Problem – Please, from the entries below, transcribe exactly the lines that begin at the line with "Ředitelské volno ZŠ" and end at the line with "如上图所示,使用的芯片是AD", without the pictures.

Data for processing Start Marker

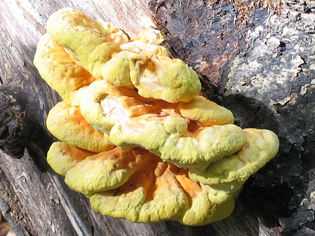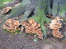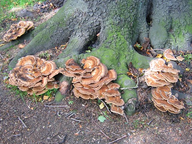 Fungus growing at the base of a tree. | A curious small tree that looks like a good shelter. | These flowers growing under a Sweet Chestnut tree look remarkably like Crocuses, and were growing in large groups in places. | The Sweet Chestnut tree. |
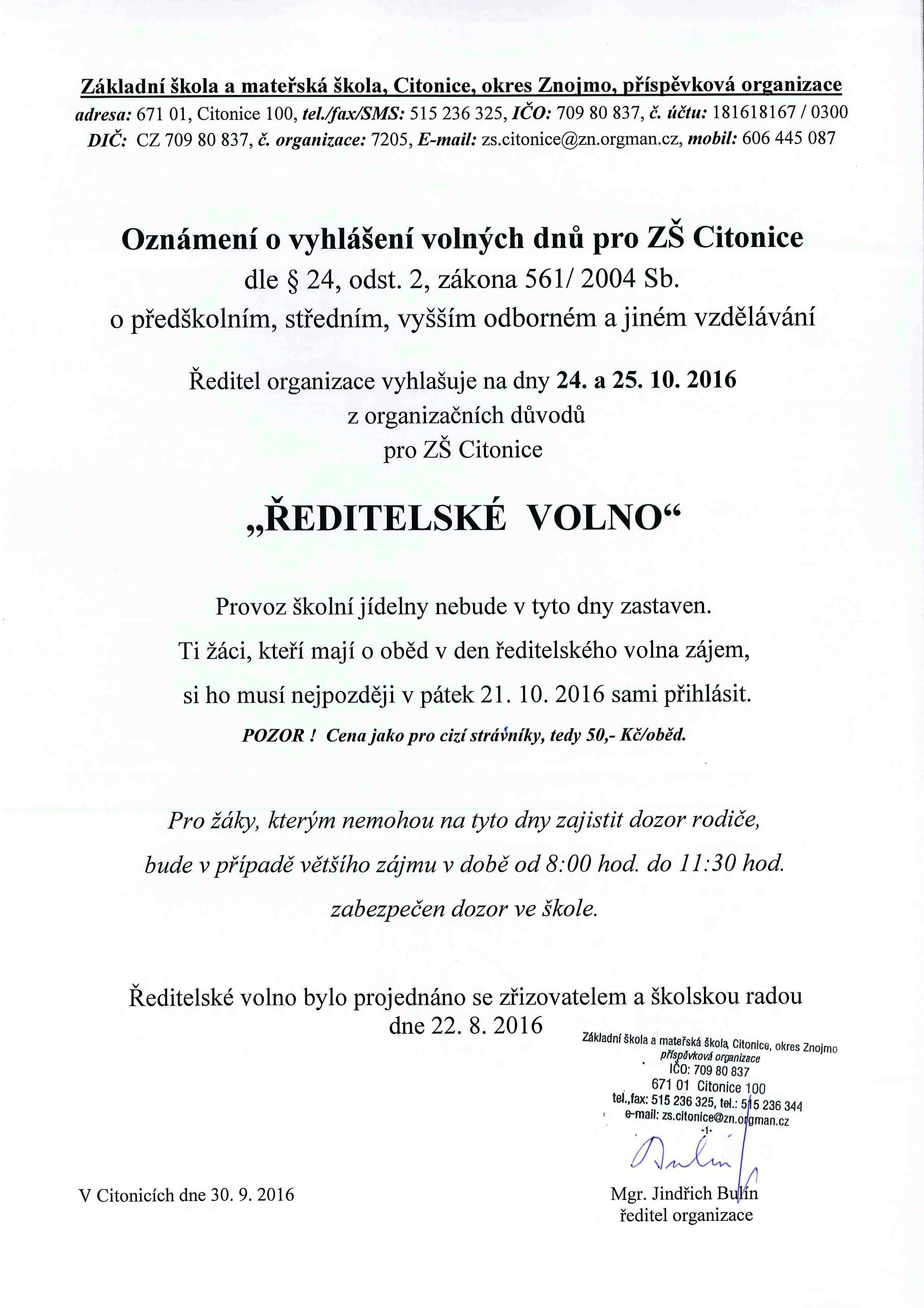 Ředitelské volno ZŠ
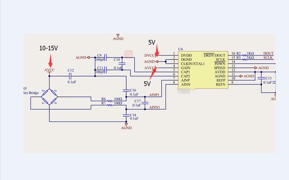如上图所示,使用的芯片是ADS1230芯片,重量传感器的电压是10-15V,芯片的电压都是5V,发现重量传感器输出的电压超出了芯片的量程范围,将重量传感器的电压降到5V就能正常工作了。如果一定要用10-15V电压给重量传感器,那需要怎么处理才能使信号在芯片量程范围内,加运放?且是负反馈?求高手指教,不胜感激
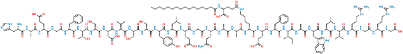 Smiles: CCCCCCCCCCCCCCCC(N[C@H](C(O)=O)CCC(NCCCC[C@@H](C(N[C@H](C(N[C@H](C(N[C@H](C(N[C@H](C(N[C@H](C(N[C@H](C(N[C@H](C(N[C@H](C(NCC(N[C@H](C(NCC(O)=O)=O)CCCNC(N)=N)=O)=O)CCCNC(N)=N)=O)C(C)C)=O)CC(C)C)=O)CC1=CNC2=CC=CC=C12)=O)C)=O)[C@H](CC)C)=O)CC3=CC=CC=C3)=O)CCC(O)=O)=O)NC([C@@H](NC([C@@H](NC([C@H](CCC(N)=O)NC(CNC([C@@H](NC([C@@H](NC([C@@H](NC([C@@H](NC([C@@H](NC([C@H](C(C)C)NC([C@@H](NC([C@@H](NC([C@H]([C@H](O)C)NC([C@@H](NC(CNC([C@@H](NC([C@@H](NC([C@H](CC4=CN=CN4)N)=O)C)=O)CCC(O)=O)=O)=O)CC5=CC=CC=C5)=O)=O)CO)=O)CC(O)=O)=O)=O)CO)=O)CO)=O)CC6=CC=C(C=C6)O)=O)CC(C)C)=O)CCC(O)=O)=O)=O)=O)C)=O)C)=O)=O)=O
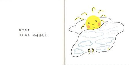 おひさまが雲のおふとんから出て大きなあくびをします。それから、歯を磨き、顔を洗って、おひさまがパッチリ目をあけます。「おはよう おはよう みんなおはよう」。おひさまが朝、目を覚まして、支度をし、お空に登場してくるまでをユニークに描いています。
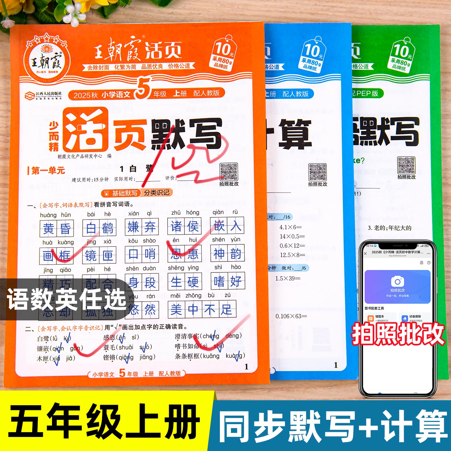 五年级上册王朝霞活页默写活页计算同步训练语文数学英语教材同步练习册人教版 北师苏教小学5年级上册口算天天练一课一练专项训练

Data for processing End Marker
Data for processing Start Marker

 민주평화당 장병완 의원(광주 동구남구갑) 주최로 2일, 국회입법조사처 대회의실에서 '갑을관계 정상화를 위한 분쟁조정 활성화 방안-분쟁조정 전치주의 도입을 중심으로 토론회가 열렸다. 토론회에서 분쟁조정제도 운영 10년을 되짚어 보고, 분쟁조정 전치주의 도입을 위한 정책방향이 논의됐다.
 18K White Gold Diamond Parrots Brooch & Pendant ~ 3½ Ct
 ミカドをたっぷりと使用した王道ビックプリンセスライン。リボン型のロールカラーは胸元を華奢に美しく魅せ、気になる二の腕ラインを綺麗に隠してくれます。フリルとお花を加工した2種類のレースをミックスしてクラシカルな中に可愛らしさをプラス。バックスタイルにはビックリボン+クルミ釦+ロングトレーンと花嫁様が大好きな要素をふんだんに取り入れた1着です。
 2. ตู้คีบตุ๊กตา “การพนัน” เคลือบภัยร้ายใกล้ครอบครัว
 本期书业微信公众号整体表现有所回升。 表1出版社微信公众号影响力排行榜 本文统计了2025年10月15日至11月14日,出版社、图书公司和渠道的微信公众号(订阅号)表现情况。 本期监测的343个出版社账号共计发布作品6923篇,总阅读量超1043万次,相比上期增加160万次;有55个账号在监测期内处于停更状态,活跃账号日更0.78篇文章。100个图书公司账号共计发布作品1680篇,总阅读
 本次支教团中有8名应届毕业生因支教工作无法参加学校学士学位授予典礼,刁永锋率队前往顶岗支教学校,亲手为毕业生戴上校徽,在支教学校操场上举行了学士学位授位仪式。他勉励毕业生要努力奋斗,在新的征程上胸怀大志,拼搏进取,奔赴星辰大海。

Data for processing End Marker

Result –
 Ředitelské volno ZŠ
如上图所示,使用的芯片是ADS1230芯片,重量传感器的电压是10-15V,芯片的电压都是5V,发现重量传感器输出的电压超出了芯片的量程范围,将重量传感器的电压降到5V就能正常工作了。如果一定要用10-15V电压给重量传感器,那需要怎么处理才能使信号在芯片量程范围内,加运放?且是负反馈?求高手指教,不胜感激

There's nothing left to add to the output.